## Data for processing

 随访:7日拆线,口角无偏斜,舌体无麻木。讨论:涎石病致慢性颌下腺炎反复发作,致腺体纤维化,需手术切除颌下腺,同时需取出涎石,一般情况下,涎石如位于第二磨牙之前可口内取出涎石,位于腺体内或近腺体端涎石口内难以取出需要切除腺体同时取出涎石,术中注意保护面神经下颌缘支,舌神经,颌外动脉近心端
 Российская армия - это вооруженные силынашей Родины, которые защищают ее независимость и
...
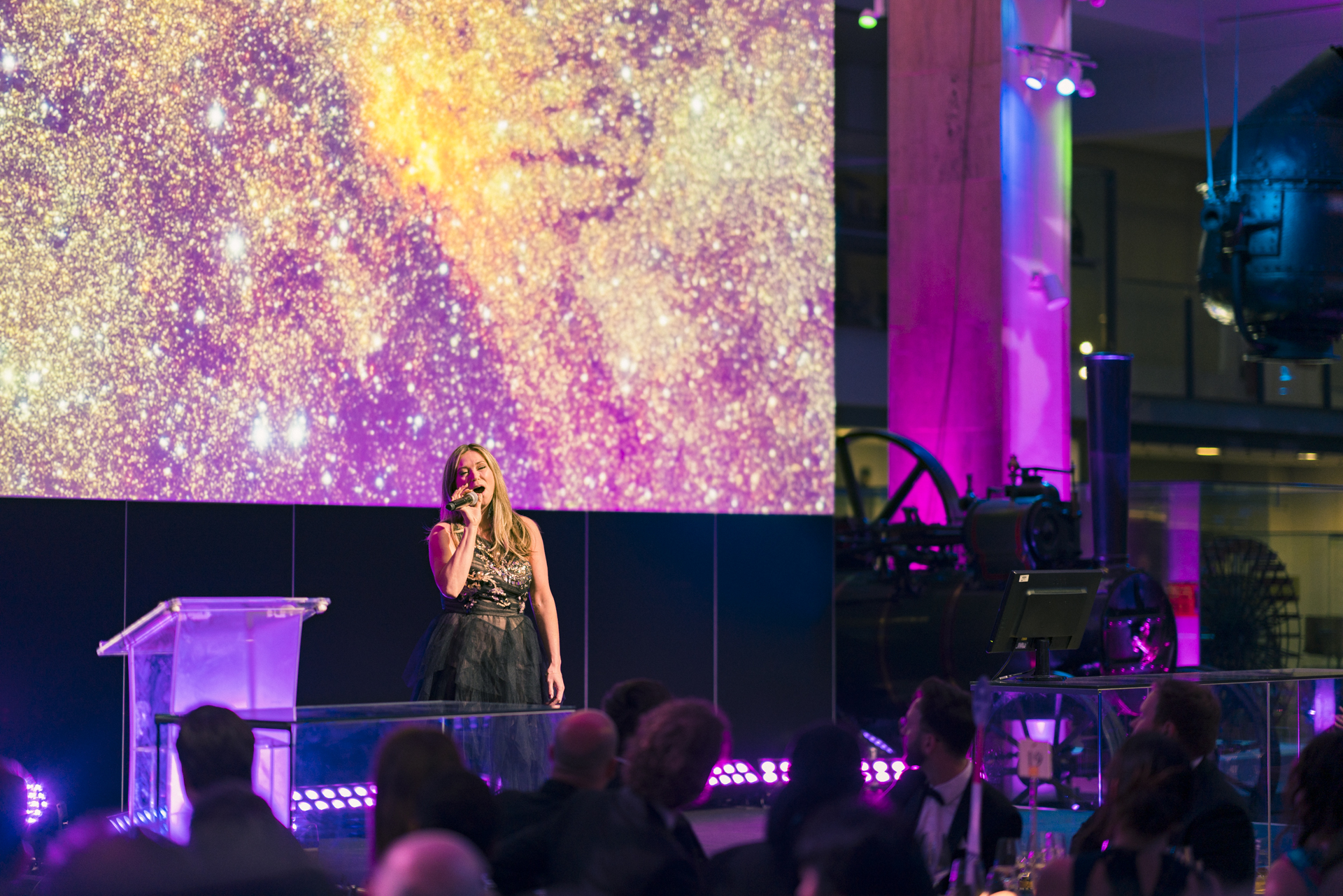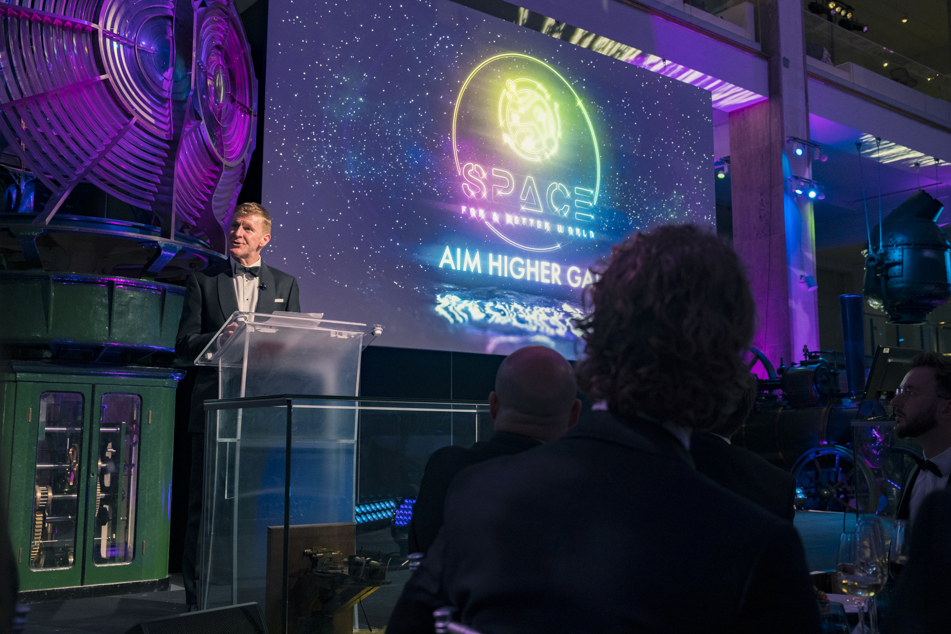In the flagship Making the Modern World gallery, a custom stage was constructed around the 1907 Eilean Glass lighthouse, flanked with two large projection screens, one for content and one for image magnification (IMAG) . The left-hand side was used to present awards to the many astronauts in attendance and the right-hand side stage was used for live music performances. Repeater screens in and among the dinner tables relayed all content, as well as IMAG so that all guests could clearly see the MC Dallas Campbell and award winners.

## What is being asked
All lines above from the one containing "随访:7日拆线,口角无偏斜,舌体无麻木。" to the one containing "Российская армия - это" must be repeated exactly, both lines included, and no others.

## Completed task
 随访:7日拆线,口角无偏斜,舌体无麻木。讨论:涎石病致慢性颌下腺炎反复发作,致腺体纤维化,需手术切除颌下腺,同时需取出涎石,一般情况下,涎石如位于第二磨牙之前可口内取出涎石,位于腺体内或近腺体端涎石口内难以取出需要切除腺体同时取出涎石,术中注意保护面神经下颌缘支,舌神经,颌外动脉近心端
 Российская армия - это вооруженные силынашей Родины, которые защищают ее независимость и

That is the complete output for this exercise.